I recently discovered the Paper Machines add-on to Zotero, which allows you to perform visualizations and topic modeling analyses on papers in your Zotero collection. I just so happened to have the complete proceedings of both GECCO 2014 and ALife 2014 kicking around in my Zotero database, so I decided to try comparing them. As a quick background, GECCO, which focuses on Genetic and Evolutionary Computation, and ALife, which focuses on Artificial Life, are the two main computer science* conferences that we in the Devolab tend to go to. There is substantial overlap between these conferences (GECCO has an Artificial Life track, after all), but there are also some fundamental differences in approach and focus.
The word clouds above do a pretty good job of capturing these differences, I think.
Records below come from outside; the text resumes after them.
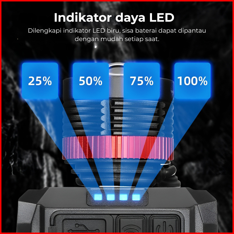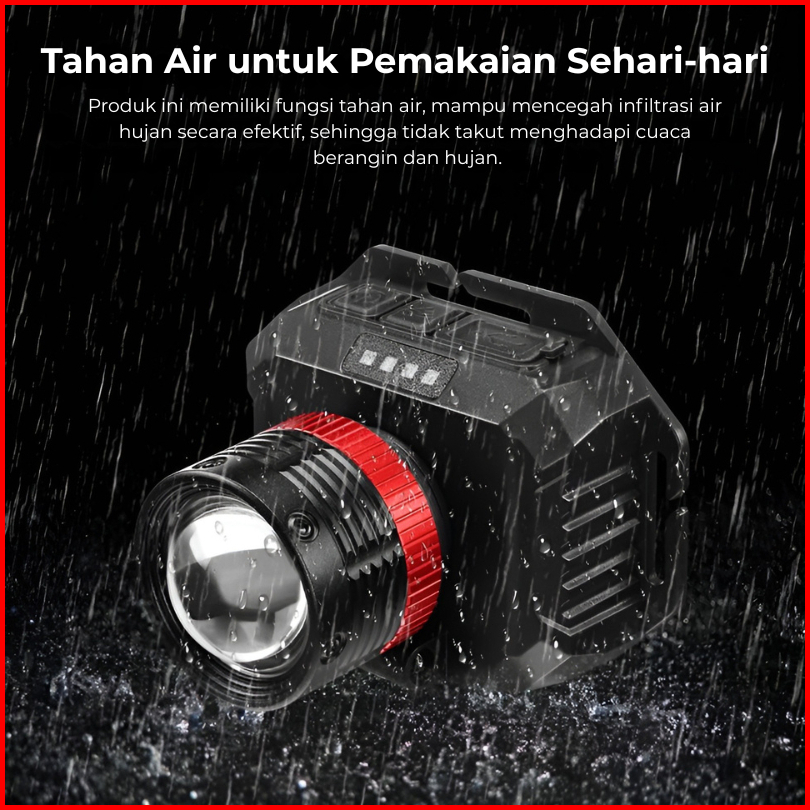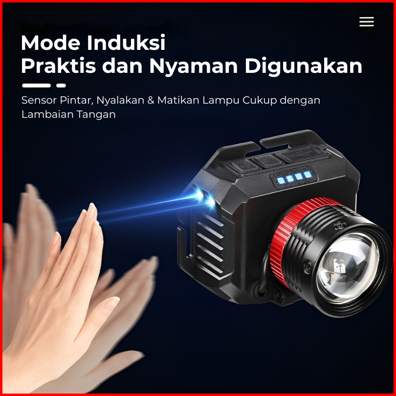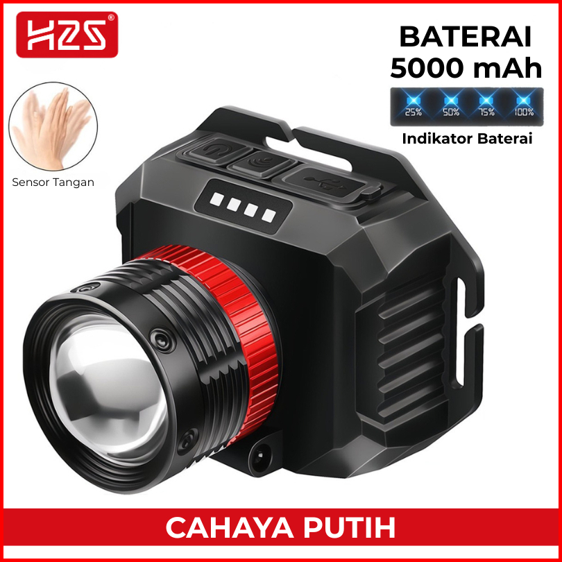 H2s Senter Kepala Cas Led Laser Sensor Gerak 50w 2 Baterai 5000mah Zoom Out In Putar Hs-4877p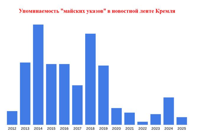 Так, упоминаемость «майских указов» в новостной ленте Кремля была на пике в 2018 году, когда Путин избрался на четвертый президентский срок и вновь требовал исполнять «майские указы», которые к 2018 году как раз должны были быть исполнены. После этого о «майских указах» с каждым годом вспоминали все меньше, пока в 2024 году, когда Путин пошел на пятый срок, их не заменили новым «майским указом», в котором уже не нашлось места целевым ориентирам для зарплат бюджетников.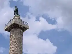- Au sommet de la colonne s'élevait une statue de bronze de Marc-Aurèle, détruite au cours du Moyen Âge.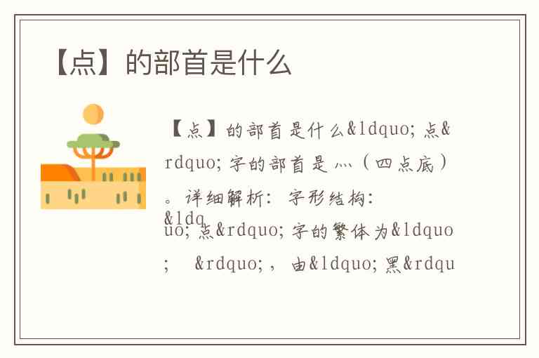 在《新华字典》等现代汉字规范中,“点”的部首归为 “灬”。尽管上半部分的“占”也常见,但按字形结构划分,“灬”是它的规范部首。

Evolutionary Computation tends to be focused on finding solutions to problems, as suggested by the prevalence of words like “solutions”, “objective”, and “search.” As a result, there is also a greater emphasis on developing algorithms, hence the presence of Greek letters. Artificial Life, on the other hand, tends to focus more on understanding how a system as a whole works. This is reflected in the popularity of words like “complexity”, “dynamics”, and “behavior.” Artificial Life, as a field, also tends to care a lot more about biology, which explains the frequency of words like “biological,” “natural,” and “species.”
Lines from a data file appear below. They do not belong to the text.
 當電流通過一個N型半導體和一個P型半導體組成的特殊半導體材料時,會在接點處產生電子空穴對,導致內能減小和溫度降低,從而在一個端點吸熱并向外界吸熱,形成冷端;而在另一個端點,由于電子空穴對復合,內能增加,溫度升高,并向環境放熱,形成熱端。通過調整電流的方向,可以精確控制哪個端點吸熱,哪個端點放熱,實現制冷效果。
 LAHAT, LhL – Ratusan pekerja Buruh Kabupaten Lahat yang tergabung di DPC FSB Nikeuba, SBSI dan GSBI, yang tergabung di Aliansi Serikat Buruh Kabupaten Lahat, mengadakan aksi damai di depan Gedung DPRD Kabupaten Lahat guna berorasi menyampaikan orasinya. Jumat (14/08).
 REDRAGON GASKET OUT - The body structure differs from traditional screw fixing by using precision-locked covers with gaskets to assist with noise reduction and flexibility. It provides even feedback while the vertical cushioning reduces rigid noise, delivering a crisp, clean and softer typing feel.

Paper Machines also allows you to create phrase nets, wherein you create a query of the form “x [regular expression] y,” and a map of common x to y mappings using that regular expression is created. Here’s an example of searching for “x and y” in the GECCO proceedings:
As you can see, this reveals a variety of words commonly paired using “and.” These include a lot of commonly paired concepts, such as “time and space”, “exploration and exploitation”, and “theory and practice.” This sort of analysis also turns up frequently-cited pairs of authors, such as Lehman and Stanley.
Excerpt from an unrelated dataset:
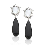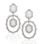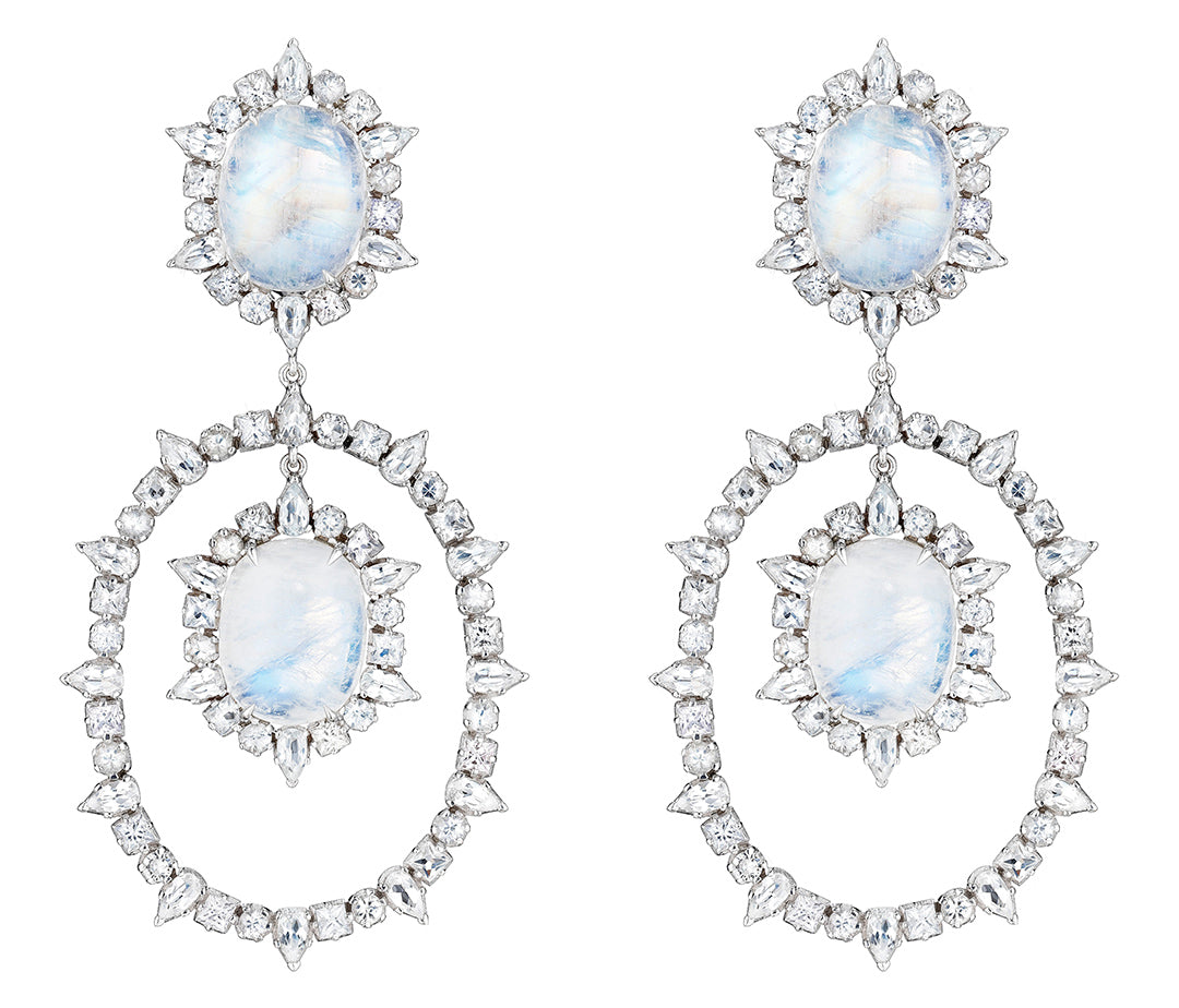 18k gold and rainbow moonstone earrings. Top can be worn alone or with a drop.

You can also use phrase nets to get a very rough summary of some important findings across a set of papers. For instance, a lot of the the findings at ALife that I would be interested in involve something “being sufficient to evolve” something else, or “favoring the evolution of” something else, and so on. By stringing these commonly used phrases together into the search pattern, you can create a phrase net such as the following:
Obviously this is an imperfect summary. Clearly some of these words are part of longer phrases (predators -> sophisticated, for instance). Also, many of these phrases may have been from literature review sections rather than conclusions. Still, there are some interesting sounding connections here (I’m definitely curious about that eavesdropping -> competition connection!), and a number of phrases that might make good jumping off points. We could get much more precise results with a fuller set of text-mining tools, but that is a topic for a future post.
What do you think? Does this seem useful? Notice any interesting patterns that I didn’t comment on? Does this raise new questions about either of these bodies of text? Anything I should explore in a follow-up post (potentially using the r tm library)?